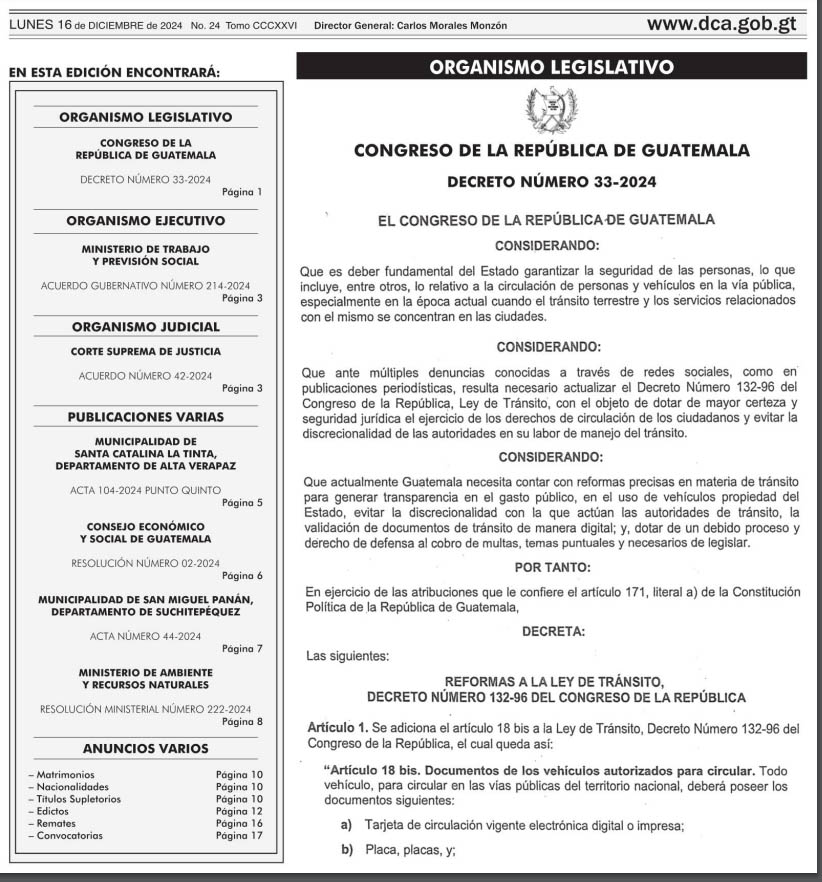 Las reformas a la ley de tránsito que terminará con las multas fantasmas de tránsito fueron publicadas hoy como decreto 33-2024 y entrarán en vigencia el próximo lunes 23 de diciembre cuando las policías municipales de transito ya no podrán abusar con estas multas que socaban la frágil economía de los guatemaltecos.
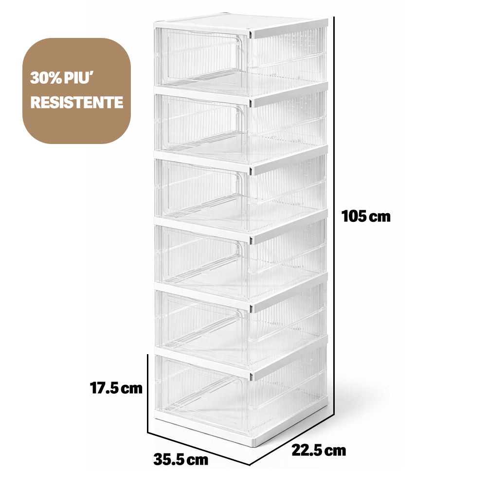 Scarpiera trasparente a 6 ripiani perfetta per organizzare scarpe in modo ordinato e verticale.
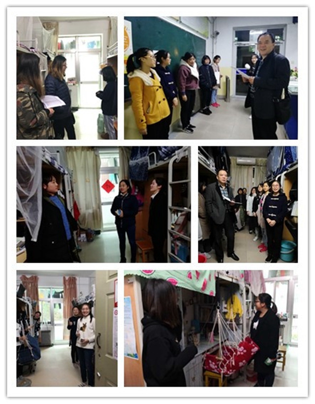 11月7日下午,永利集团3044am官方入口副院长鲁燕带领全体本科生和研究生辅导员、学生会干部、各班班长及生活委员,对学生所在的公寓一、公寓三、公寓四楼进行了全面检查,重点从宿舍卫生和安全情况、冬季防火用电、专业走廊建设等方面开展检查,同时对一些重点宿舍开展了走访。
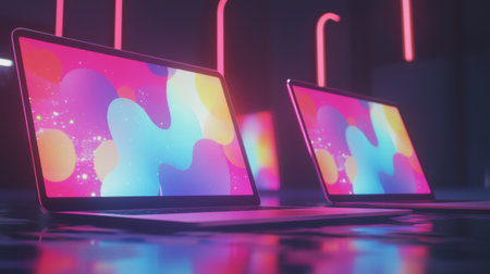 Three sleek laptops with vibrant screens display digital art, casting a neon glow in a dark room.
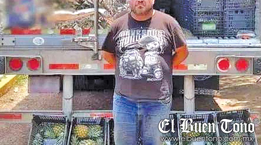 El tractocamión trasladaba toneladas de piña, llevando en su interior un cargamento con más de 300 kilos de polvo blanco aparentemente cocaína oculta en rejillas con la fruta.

┄┄┄┄┄┄┄┄┄┄

Write out the records above exactly as they stand, leaving out every picture.

 Las reformas a la ley de tránsito que terminará con las multas fantasmas de tránsito fueron publicadas hoy como decreto 33-2024 y entrarán en vigencia el próximo lunes 23 de diciembre cuando las policías municipales de transito ya no podrán abusar con estas multas que socaban la frágil economía de los guatemaltecos.
 Scarpiera trasparente a 6 ripiani perfetta per organizzare scarpe in modo ordinato e verticale.
 11月7日下午,永利集团3044am官方入口副院长鲁燕带领全体本科生和研究生辅导员、学生会干部、各班班长及生活委员,对学生所在的公寓一、公寓三、公寓四楼进行了全面检查,重点从宿舍卫生和安全情况、冬季防火用电、专业走廊建设等方面开展检查,同时对一些重点宿舍开展了走访。
 Three sleek laptops with vibrant screens display digital art, casting a neon glow in a dark room.
 El tractocamión trasladaba toneladas de piña, llevando en su interior un cargamento con más de 300 kilos de polvo blanco aparentemente cocaína oculta en rejillas con la fruta.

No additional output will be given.